Commanders and leaders
- Ōyama Iwao Kuroki Tamemoto Oku Yasukata Nozu Michitsura: Aleksey Kuropatkin Georgii Stackelberg Nikolai Zarubaev Alexandr von Bilderling

Strength
- 127,360 men 484 guns: 149,000 to 158,000 men 673 guns

Casualties and losses
- 22,922 5,537 killed; 18,603 wounded;: 19,112 3,611 killed; 14,301 wounded;

= Battle of Liaoyang =

First major land battle of the Russo-Japanese war

The Battle of Liaoyang (遼陽会戦, Ryōyō-kaisen) (Сражение при Ляояне) was a major land battle of the Russo-Japanese War, on the outskirts of the city of Liaoyang in present-day Liaoning Province, China. The city was of great strategic importance as the major Russian military center for southern Manchuria, and a major population center on the main line on the Russian South Manchurian Railway connecting Port Arthur with Mukden. The city was fortified by the Imperial Russian Army with three lines of fortifications.

==Background==
When the Imperial Japanese Army landed on the Liaodong Peninsula, Japanese General Ōyama Iwao divided his forces. The IJA 3rd Army under Lieutenant General Nogi Maresuke was assigned to attack the Russian naval base at Port Arthur to the south, while the IJA 1st Army, IJA 2nd Army and IJA 4th Army would converge on the city of Liaoyang. Russian General Aleksey Kuropatkin planned to counter the Japanese advance with a series of planned withdrawals, intended to trade territory for the time necessary for enough reserves to arrive from Russia to give him a decisive numerical advantage over the Japanese. However, this strategy was not in favor with the Russian Viceroy Yevgeni Ivanovich Alekseyev, who was pushing for a more aggressive stance and quick victory over Japan.

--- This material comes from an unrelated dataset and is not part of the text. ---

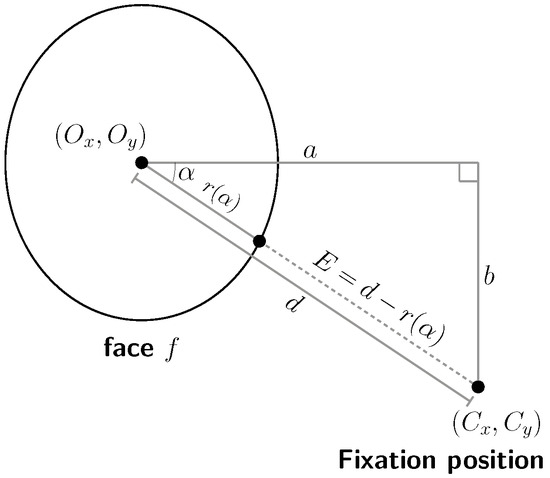 Eccentricity: is the relative distance from a participant’s fixation on screen to the edge of nearest face ellipse in degrees. In Figure 3, (d − r(α)) is eccentricity E of face ellipse with origin (Ox, Oy) from fixation position (Cx, Cy).

Both sides viewed Liaoyang as a site suitable for a decisive battle which would decide the outcome of the war.

==Preparations==
At Liaoyang, Kuropatkin had a total of 14 divisions with 158,000 men, supported by 609 artillery pieces. He divided his forces into three groups.
- The Eastern Group was commanded by General Alexandr von Bilderling and consisted of the 3rd Siberian Army Corps and the 10th European Army Corps.
- The Southern Group was commanded by General Nikolai Zarubaev and consisted of the 1st Siberian Army Corps, 2nd Siberian Army Corps and 4th Siberian Army Corps, together with a total of 11 cavalry squadrons under Lieutenant General Pavel Mishchenko.
- Kuropatkin kept a reserve of 30 battalions, mostly from the 17th Siberian Army Corps.
His outermost defensive line extended approximately 12 mi to the south of the ancient walled city. With the start of the rainy season in July, the muddy terrain favored the defenders.

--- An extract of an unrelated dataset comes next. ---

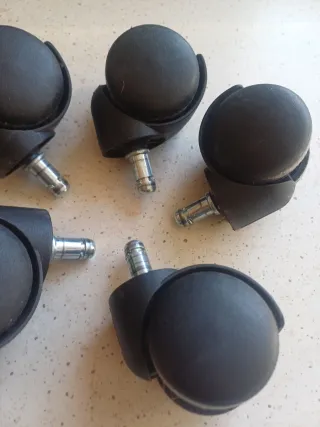 Confezione di cinque ruote di ricambio per sedie da scrivania. Ideali per sostituire le ruote usurate e ripristinare la mobilità della tua sedia. Realizzate in plastica e metallo, colore nero.

Ōyama also divided his forces into three groups:
- IJA 1st Army under General Kuroki Tamemoto,
- IJA 2nd Army under General Oku Yasukata,
- IJA 4th Army under General Nozu Michitsura.
Ōyama had a total of eight divisions with 120,000 men and 170 artillery pieces. The overall Japanese strategy, which had been developed by General Kodama Gentarō, was to have the 2nd Army advance along the railway line, while the 1st Army converged upon the city via Motien Pass from the north. The 4th Army would be a reserve to be committed to the right of the 2nd Army towards the end of the battle.

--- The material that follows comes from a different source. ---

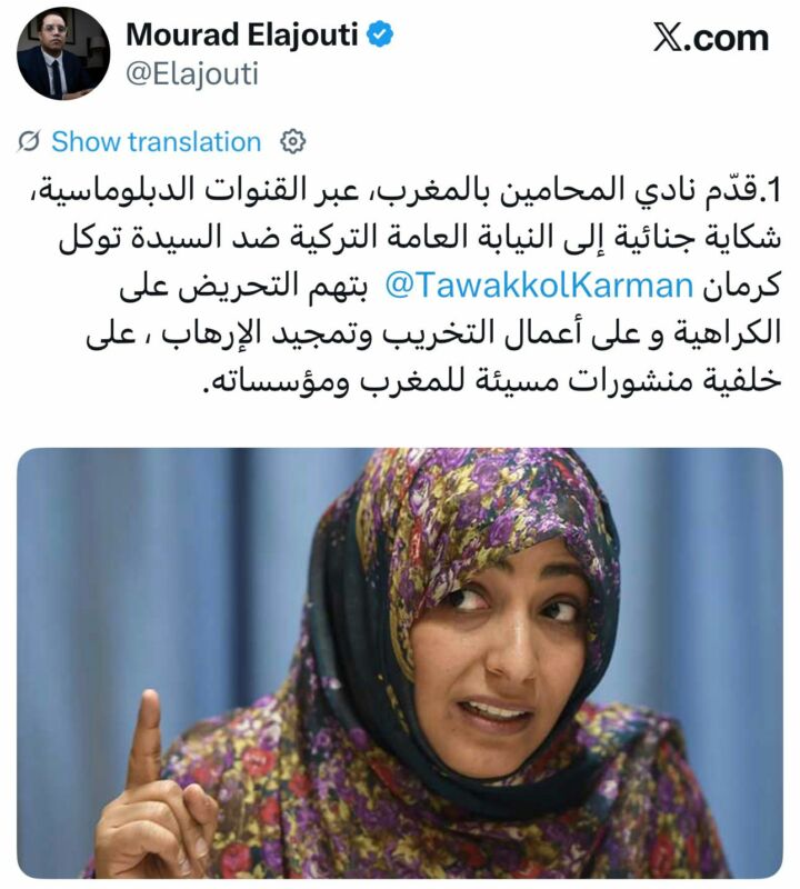 تقدّم نادي المحامين بالمغرب، برئاسة المحامي مراد العجوطي، بشكوى جنائية رسمية إلى النيابة العامة التركية عبر القنوات الدبلوماسية، ضد الناشطة اليمنية توكل كرمان، يتهمها فيها بالتحريض على الكراهية والدعوة إلى أعمال تخريب وتمجيد الإرهاب. وتأتي هذه الخطوة القضائية على خلفية منشورات وصفت بالمسيئة للمملكة المغربية ولمؤسساتها الرسمية.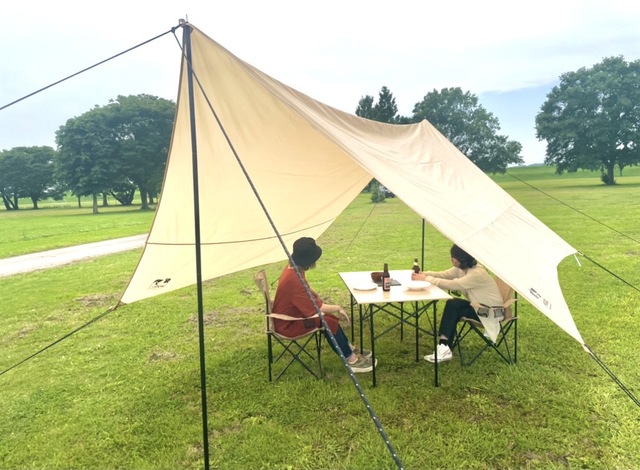 実際にタープの中に入って座ってみると、日差しを防いでくれるうえに、一気に秘密基地感がでてワクワクします。

Due to a disparity in military intelligence, Kuropatkin was convinced that he was outnumbered, whereas Ōyama, with the assistance of the local Chinese population, had precise knowledge of the Russian strength and deployment. However, Ōyama was concerned with his numerical inferiority, and waited to attack in hopes that a quick victory at Port Arthur would enable him to add the strength of IJA 3rd Army to his forces before yet more Russian reinforcements arrived to the north. However, after three weeks without progress at Port Arthur, Ōyama decided that he could wait no longer.

==Battle==
The battle began on 25 August with a Japanese artillery barrage, followed by the advance of the Japanese Imperial Guards Division under Lieutenant General Hasegawa Yoshimichi against the right flank of the 3rd Siberian Army Corps. The attack was defeated by the Russians under General Bilderling largely due to the superior weight of the Russian artillery and the Japanese took over a thousand casualties.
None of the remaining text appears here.